Much is made in the pilot about the family’s confidential information suddenly going public, but the new normals that actually matter to the series are Kenny’s sexuality and Eileen and Pat’s separation. That’s for the best. The Real O’Neal has some jagged edges, but its overall tone isn’t dark enough to wring any humor out of teenage eating disorders; Shannon’s Keyser Söze act lands more cleanly when she can show her Verbal Kint side. Really, there are enough potential stories in Plimpton’s and Galvin’s characters to make each the center of their own show: One about a woman starting all over (and sometimes actively fighting that restart) in the middle of her life, the other about a young man just starting to live his. In the four episodes of The Real O’Neals screened for critics, those two premises are shoehorned into a single show, which derives plenty of readymade conflict from a keeping-up-appearances Catholic and her openly gay son.
Galvin and Plimpton quickly establish themselves as the halves of the show’s central relationship, and their scenes together give The Real O’Neals both its most relatable family moments and its most outlandish sitcom beats. As Eileen’s front-page-of-the-church-bulletin life comes crashing down around her, Plimpton ably conveys a balance of maternal warmth and religious panic. Eileen’s fervor taps in to the wild-eyed energy that stole so many scenes for Plimpton on Fox’s underrated Raising Hope; unfortunately, it’s also what leads the character to conspire with her son’s former beard to screw the gay out of Kenny. Still, the show pops whenever Plimpton or newcomer Galvin is on the screen, sometimes in a literal, visual burst: Recurring fantasy sequences give The Real O’Neals a live-action-cartoon vibe reminiscent of Malcolm In The Middle, Scrubs, Don’t Trust The B—— In Apartment 23, or The Neighbors—all previous work experience for the folks writing and producing the O’Neals.

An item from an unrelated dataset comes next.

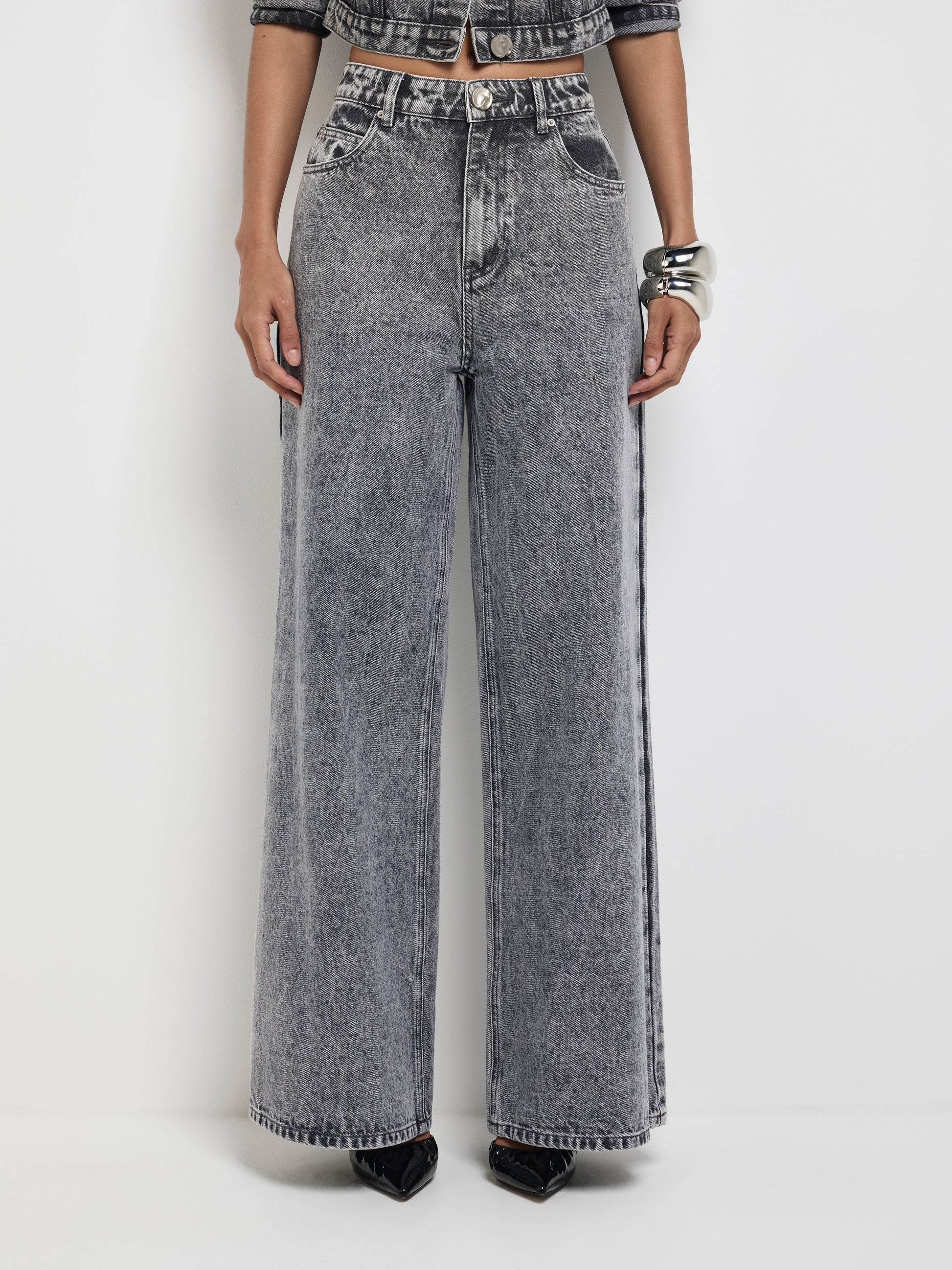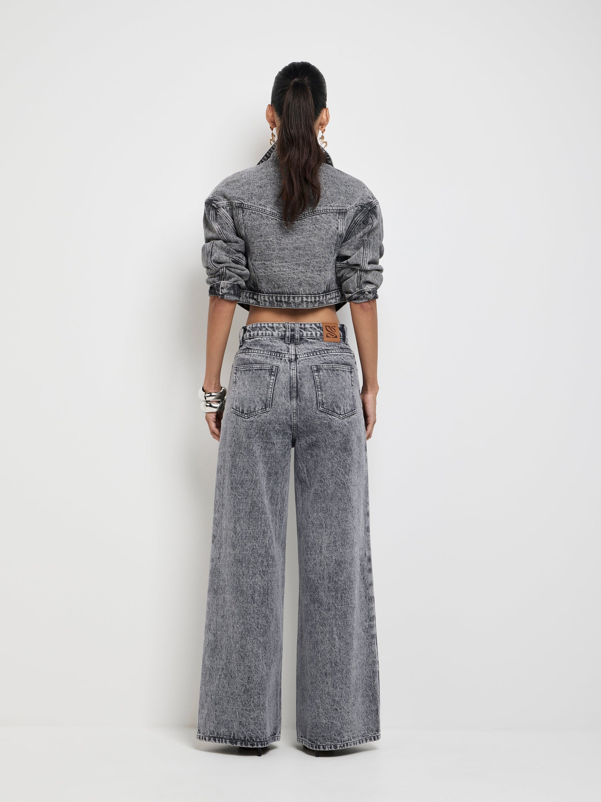 Off duty essentials. Introducing the Genesis Jean - Showcasing a grey washed denim fabrication, fixed waist, pockets and full flared length leg. Pair with our Cozy Knit Top and matching Genesis Denim Jacket to complete the look.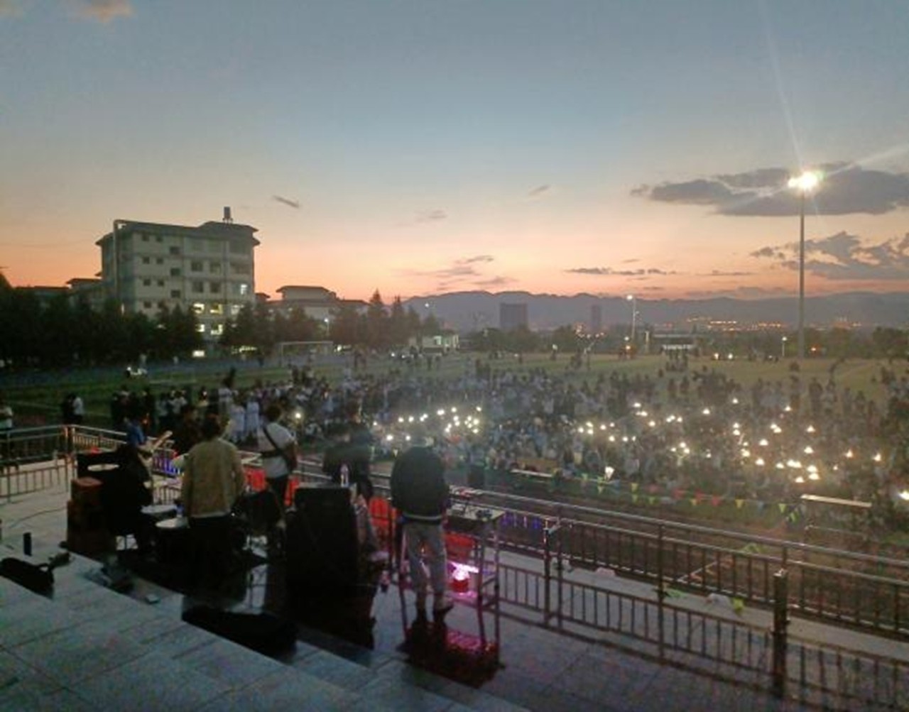夜幕还未降临,足球场已经人头攒动,大家幕天席地,围坐在舞台四周,自在惬意。一支爵士舞蹈拉开了音乐会的序幕,燃起了大家的热情。此次音乐会不仅有合唱、独唱,还有激情澎湃的乐队,一首首动人的歌曲让同学们感受到了青春的昂扬,音乐是表达情感的极佳方式,我们以最真挚饱满的歌声,为疫情下的春日,点亮更多希望的烛火。

But that daydreaming streak—like the second-episode runner that visits mounting physical harm on Kenny’s ex, or the show’s reliance on hiding punchlines behind bleeped speech and blurred mouths—is a façade. Outside of Kenny and Eileen’s personal journeys, the stuff of The Real O’Neals trends toward the conventional: Jimmy frets about Pat moving out of the house, Pat and Eileen squabble over furniture purchases, Pat takes Shannon shopping for tampons. (Ferguson is his reliably charming self throughout, but the erstwhile Stan Rizzo deserves better than Pat O’Neal.) Not to mention that coming-out narratives have become their own sort of conventional, something a different ABC sitcom managed to sidestep and put to touching use earlier this broadcast season. Conservative watchdogs needn’t have feared The Real O’Neals, and Eileen doesn’t have to pray for the fictional ones, either. The wish she makes multiple times has already come true: By ABC standards, as well as modern conventions, the O’Neals couldn’t be more normal. It’s just too bad that they’re not as distinct as their show thinks they are. Eileen may want to blend in more, but The Real O’Neals needs to stand out.